Clean Data In, Useful Data Out: Data Cleansing Essential to Contact Management Success
8/29/2007
Contact Management (CM) systems have been a topic of great discussion within the legal industry. A seemingly simple idea-allowing a law firm to combine its entire client and contact information from a wide range of sources into a single central database-in reality is a complicated endeavor.
At its core, a CM system can be used for the simple but important job of creating accurate correspondence and documents for clients. However, in most cases, the ultimate goal is to use a CM system for more sophisticated marketing, business development and strategic analysis purposes. Firms that successfully implement integrated
CM systems enjoy tremendous benefits for themselves - and for their clients. Unfortunately, more than half of all traditional law firm CRM initiatives fail to meet expectations. Some of this is due to a lack of attorney participation, but more often it is due to bad data. According to Gartner Research, the number one reason for the failure of traditional CRM systems is poor data quality.
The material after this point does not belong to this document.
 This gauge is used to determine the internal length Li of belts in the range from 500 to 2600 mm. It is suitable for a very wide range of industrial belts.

The high failure rate of CM initiatives is often caused by careless importation of unfiltered data from external sources into the new centralized CM system. In too many cases, firms suffer from garbage in and garbage out. To get the optimal return on a firm's investment in a CM system, a well-thought-out data strategy is essential.
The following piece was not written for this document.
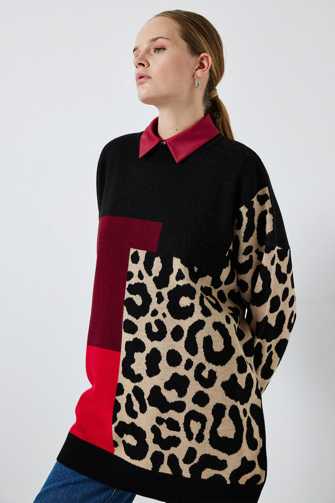 LEOPAR BLOK DESENLİ TRİKO TUNİK

CLEANSING DATA: CRITICAL TO CONTACT MANAGEMENT SUCCESS
Data cleansing is a process that analyzes the data collected from multiple sources within a law firm, detects errors, makes corrections based on predetermined standards and highlights non-routine records for closer attention by a human data steward.
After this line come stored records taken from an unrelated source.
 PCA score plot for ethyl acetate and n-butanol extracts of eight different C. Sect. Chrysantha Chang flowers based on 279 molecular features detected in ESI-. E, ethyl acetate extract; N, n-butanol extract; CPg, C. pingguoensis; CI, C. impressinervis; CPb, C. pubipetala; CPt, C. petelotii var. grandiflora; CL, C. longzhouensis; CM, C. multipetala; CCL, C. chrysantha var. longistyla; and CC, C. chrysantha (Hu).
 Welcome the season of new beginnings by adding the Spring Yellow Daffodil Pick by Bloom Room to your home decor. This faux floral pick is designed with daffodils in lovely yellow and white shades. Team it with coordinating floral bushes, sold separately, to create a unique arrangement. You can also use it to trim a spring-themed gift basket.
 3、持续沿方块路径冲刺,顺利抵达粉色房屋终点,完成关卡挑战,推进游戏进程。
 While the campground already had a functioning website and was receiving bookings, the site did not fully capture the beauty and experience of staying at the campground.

In the legal industry, where lawyers manage high-net-worth relationships, having very accurate client and contact data is essential to success. Automated data cleansing software can assist with much of this process; however, human review is still essential.
Obviously, the more automated the data cleansing process, the less expensive and more consistent the end result will be. The combination of contact data from many sources introduces myriad opportunities for error. Because the records in each database were entered by a different person or persons, each person may have introduced typos, placed data in an incorrect field or used different conventions for addresses and abbreviations.
This problem is only exacerbated in a merger situation - where the combined databases are even more diverse. Contact data from some sources - like an attorney's Microsoft® Outlook contacts - may be fairly up-to-date and correct, while data from other sources - like the mailing list from a 2005 seminar - is more likely to be out-of-date and incorrect.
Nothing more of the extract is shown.